Henry James's story of a pair of adulterous lovers who are married, respectively, to a rich American collector of European art and to his inexperienced daughter, provides - beyond its expensive, burnished, beautifully appointed exteriors - an understanding of the risks and betrayals inherent in society that is unparalleled in literature. The Golden Bowl, his last published, novel written in the first years of the twentieth century, represents a culmination not only of its author's magnificent art, but also of the art of fiction itself.
The wealthy American widower Adam Verver and his shy daughter, Maggie, live in Europe, closely tied through their love of art and their mutual admiration. Maggie's future seems assured when she becomes the wife of a charming, though impoverished, Italian prince. But when Adam marries his daughter's friend Charlotte Stant, unaware that she is the prince's mistress, the stage is set for a complex and indirect battle between the two wives.

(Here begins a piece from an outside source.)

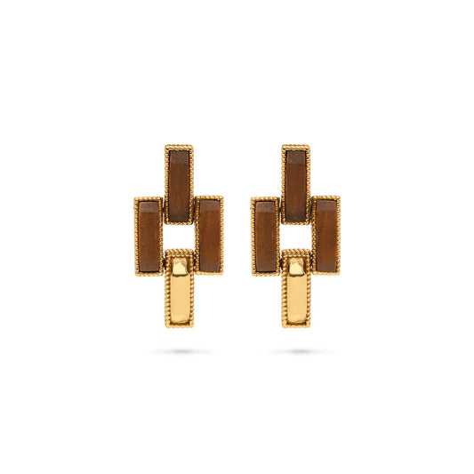 Capucine De Wulf Pathway Post Small Link Earrings- Teak/Gold

The brilliant Charlotte is determined to keep her lover, while Maggie is determined to protect her beloved father from any knoweldge of their shared betrayal.
The acuity with which Henry James calibrates the four characters' delicately shifting alliances and documents the maturation of a naïve young woman marks this as a magnificent achievement. The Golden Bowl was not only James's last major work but also the novel in which his unparalleled gift for psychological drama reached its height.